Using a HEAD request returns no Memento information if redirects are not followed.

In [16]:
query_timegate('ia', 'http://discontents.com.au', allow_redirects=False)
https://web.archive.org/web/http://discontents.com.au/
Out[16]:
{}

A query without an Accept-Datetime value returns a memento and also includes a first memento, last memento, prev memento, and last memento. It seems that the memento returned is the second last capture.

In [17]:
query_timegate('ia', 'http://discontents.com.au')
https://web.archive.org/web/http://discontents.com.au/
Out[17]:
{'original': 'https://discontents.com.au/',
 'timemap': 'https://web.archive.org/web/timemap/link/https://discontents.com.au/',
 'timegate': 'https://web.archive.org/web/https://discontents.com.au/',
 'first memento': 'https://web.archive.org/web/19981206012233/http://www.discontents.com.au:80/',
 'prev memento': 'https://web.archive.org/web/20200418035854/http://www.discontents.com.au/',
 'memento': 'https://web.archive.org/web/20200510215639/https://discontents.com.au/',
 'last memento': 'https://web.archive.org/web/20200510215639/https://discontents.com.au/'}

A query with an Accept-Datetime value of 1 January 2010 returns a memento from 4 September 2010, even though the prev memento date, 30 October 2009, is closer.

In [18]:
query_timegate('ia', 'http://discontents.com.au', date='2010-01-01')
https://web.archive.org/web/http://discontents.com.au/
Out[18]:
{'original': 'http://discontents.com.au:80/',
 'timemap': 'https://web.archive.org/web/timemap/link/http://discontents.com.au:80/',
 'timegate': 'https://web.archive.org/web/http://discontents.com.au:80/',
 'first memento': 'https://web.archive.org/web/19981206012233/http://www.discontents.com.au:80/',
 'prev memento': 'https://web.archive.org/web/20091030053520/http://discontents.com.au/',
 'memento': 'https://web.archive.org/web/20100209041537/http://discontents.com.au:80/',
 'next memento': 'https://web.archive.org/web/20100523101442/http://discontents.com.au:80/',
 'last memento': 'https://web.archive.org/web/20200510215639/https://discontents.com.au/'}

GET requests return different results if redirects are not followed.

In [19]:
query_timegate('ia', 'http://discontents.com.au', date='2010-01-01', request_type='get')
https://web.archive.org/web/http://discontents.com.au/
Out[19]:
{'original': 'http://discontents.com.au:80/',
 'timemap': 'https://web.archive.org/web/timemap/link/http://discontents.com.au:80/',
 'timegate': 'https://web.archive.org/web/http://discontents.com.au:80/',
 'first memento': 'https://web.archive.org/web/19981206012233/http://www.discontents.com.au:80/',
 'prev memento': 'https://web.archive.org/web/20091030053520/http://discontents.com.au/',
 'memento': 'https://web.archive.org/web/20100209041537/http://discontents.com.au:80/',
 'next memento': 'https://web.archive.org/web/20100523101442/http://discontents.com.au:80/',
 'last memento': 'https://web.archive.org/web/20200510215639/https://discontents.com.au/'}
In [20]:
query_timegate('ia', 'http://discontents.com.au', date='2010-01-01', request_type='get', allow_redirects=False)
https://web.archive.org/web/http://discontents.com.au/
Out[20]:
{'original': 'http://discontents.com.au/',
 'memento': 'https://web.archive.org/web/20100209041537/http://discontents.com.au/',
 'timemap': 'https://web.archive.org/web/timemap/link/http://discontents.com.au/'}

UK Web Archive

Changing whether or not redirects are followed has no effect on any of these responses.

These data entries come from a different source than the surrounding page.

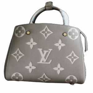 The Louis Vuitton Montaigne in a larger 33 cm size is a luxurious blend of function and elegance. The sophisticated grey leather adorned with white Monogram accents makes it an ideal choice for both business and casual outings.
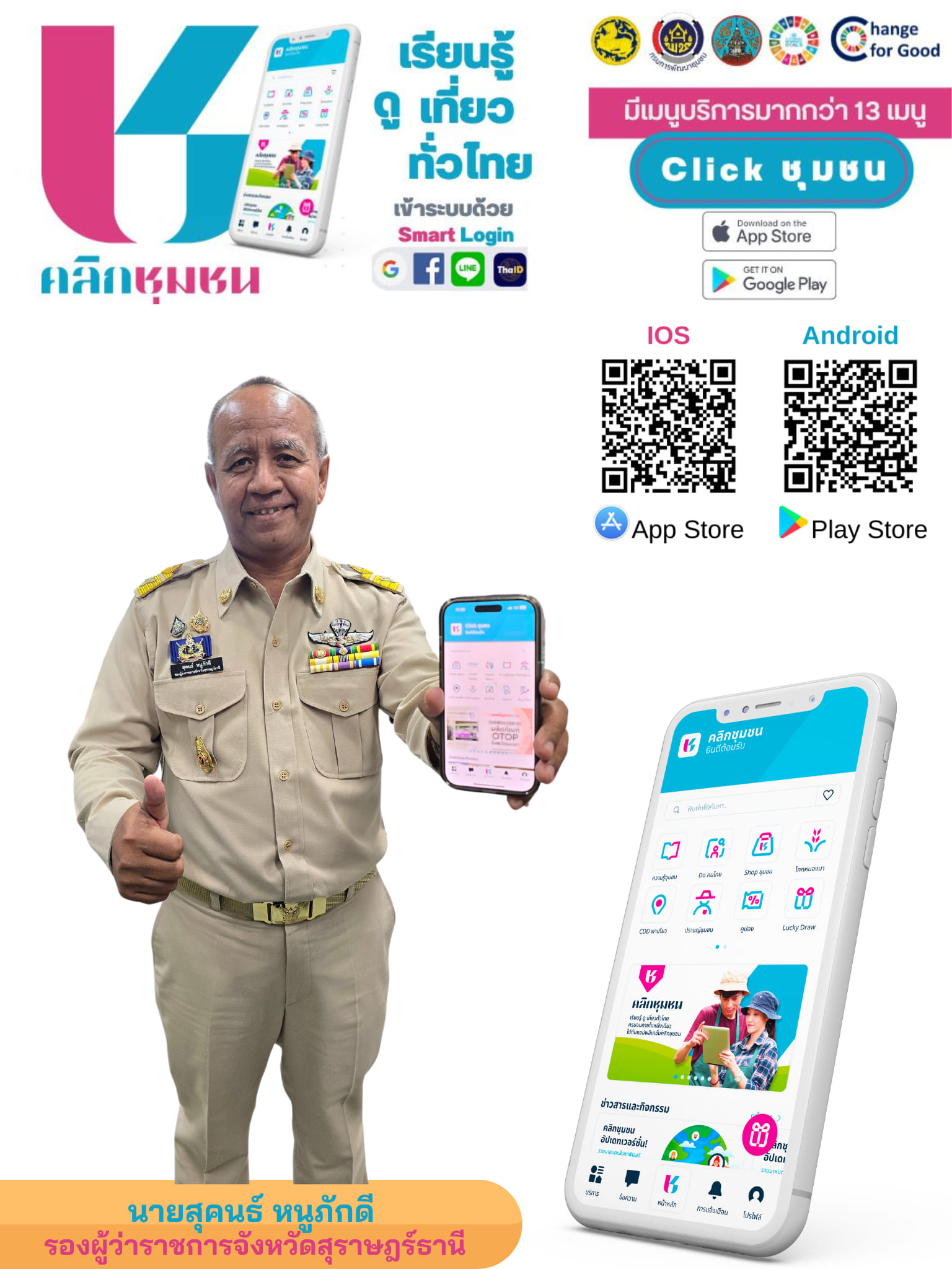 โดยทุกท่านสามารถดาวน์โหลดได้ผ่าน Play Store เพียงพิมพ์ค้นหาคำว่า “click ชุมชน” หรือ คลิก
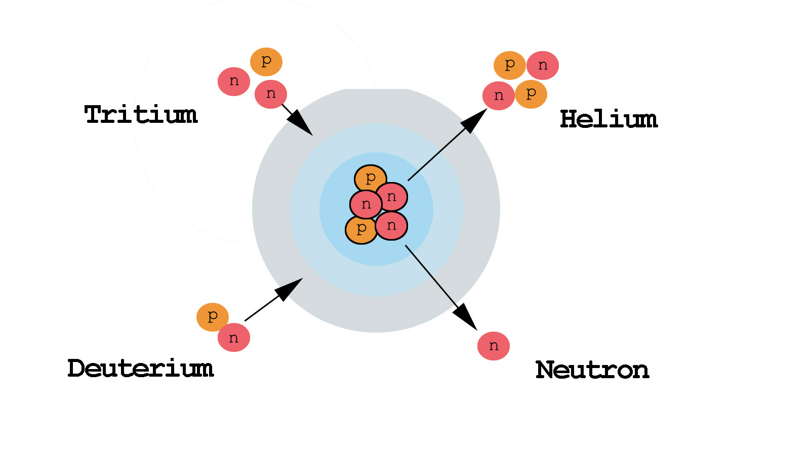 Es sei darauf hingewiesen, dass im Zentrum der Sonne bei extrem hohen Temperaturen von rund 15 Millionen Grad Celsius und einem extremen Druck von 200 Milliarden Bar Wasserstoffatome langsam und kontrolliert zu einem Heliumatom verschmelzen und damit die Energie liefert, ohne die es kein Leben auf der Erde gäbe und hier Dunkelheit und Eiseskälte herrschen würden. Das Prinzip der Kernfusion gilt für die Explosion einer Wasserstoffbombe, nur hier läuft diese Fusion ungleich schneller ab – in dem Bruchteil von Sekunden. Ein Fusionsreaktor soll durch die kontrollierte und langsame Fusion von Deuterium und Tritium (schwerer und überschwerer Wassersoff) große Mengen an Energie liefern.
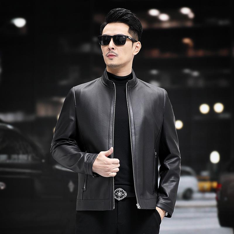 Осень и зима новый стиль натуральная кожаная куртка мужская куртка из овчины воротник стойка кожаная куртка деловая мужская куртка
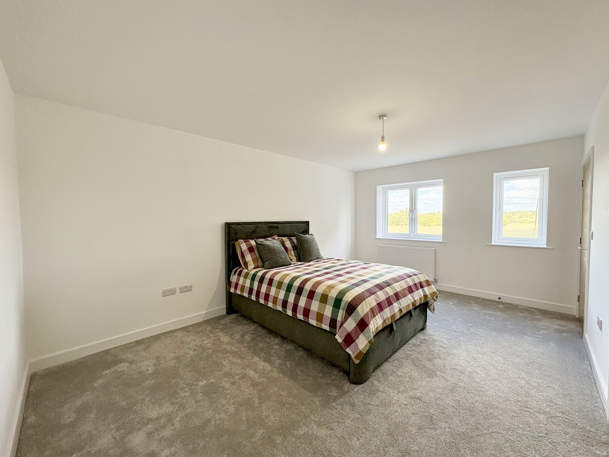 Bedroom three is a bright and airy double room with two rear-facing windows that offer beautiful views over the open fields behind the property. The room is finished with fitted carpet and a single pendant light fitting making it a comfortable and practical space.
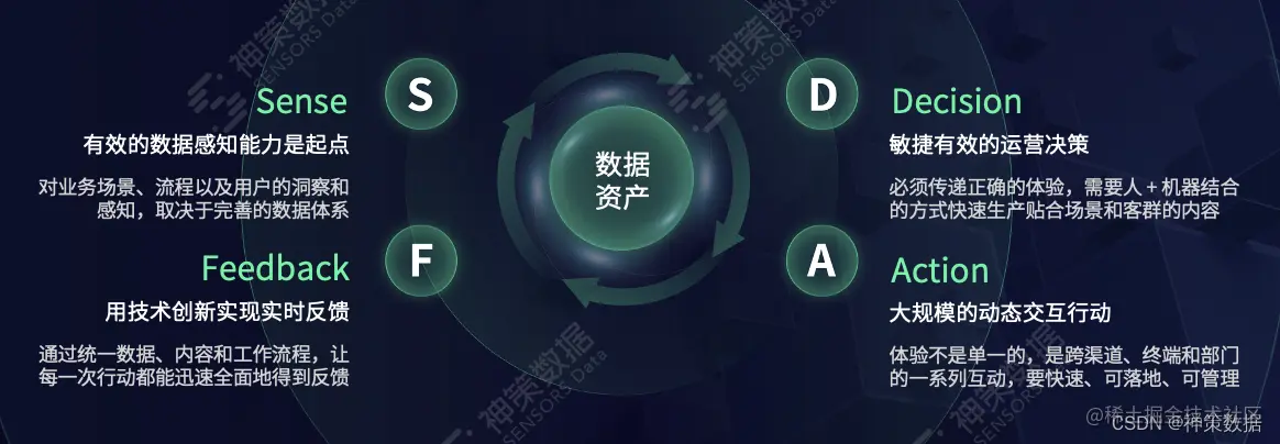 基于 SDAF 数据闭环方法论,神策数据提供的融媒行业版产品与方案主要包括五个层面:

A query without an Accept-Datetime value doesn't return a memento.

In [21]:
query_timegate('ukwa', 'http://bl.uk')
https://www.webarchive.org.uk/wayback/archive/http://bl.uk/
Out[21]:
{'original': 'http://bl.uk/',
 'timegate': 'https://www.webarchive.org.uk/wayback/archive/http://bl.uk/',
 'timemap': 'https://www.webarchive.org.uk/wayback/archive/timemap/link/http://bl.uk/'}

A query with an Accept-Datetime value of 1 January 2006 returns a memento from 1 January 2006. However, this date doesn't seem to represent an actual capture. There seems to be a problem with the Timegate.

In [22]:
query_timegate('ukwa', 'http://bl.uk', date='2006-01-01')
https://www.webarchive.org.uk/wayback/archive/http://bl.uk/
Out[22]:
{'original': 'http://bl.uk/',
 'timegate': 'https://www.webarchive.org.uk/wayback/archive/http://bl.uk/',
 'timemap': 'https://www.webarchive.org.uk/wayback/archive/timemap/link/http://bl.uk/',
 'memento': 'https://www.webarchive.org.uk/wayback/archive/20060101010000mp_/http://bl.uk/'}

A GET request returns the same results as a HEAD request.

In [23]:
query_timegate('ukwa', 'http://bl.uk', date='2006-01-01', request_type='get')
https://www.webarchive.org.uk/wayback/archive/http://bl.uk/
Out[23]:
{'original': 'http://bl.uk/',
 'timegate': 'https://www.webarchive.org.uk/wayback/archive/http://bl.uk/',
 'timemap': 'https://www.webarchive.org.uk/wayback/archive/timemap/link/http://bl.uk/',
 'memento': 'https://www.webarchive.org.uk/wayback/archive/20060101010000mp_/http://bl.uk/'}

Summarising the differences

As you can see above, there are a couple of significant differences in the way that Timegates behave across the four repositories.

  • The Wayback systems (IA and NZWA) provide more information than the Pywb systems (first memento, last memento, prev memento, and last memento)
  • The UKWA and NZWA don't return a memento unless you include a date in the Accept-Datetime header. The NLA and IA return a recently captured memento as a default. (Though no necessarily the most recent?)
  • You can use either HEAD or GET with UKWA and NZWA, but IA and AWA behave different depending on the type of request and whether redirects are followed. To get results from either a HEAD or GET request, AWA requests should not follow redirects. To get results from a HEAD requests, IA requests should follow redirects. GET requests to IA will return results whether or not redirects are allowed, however, those results differ.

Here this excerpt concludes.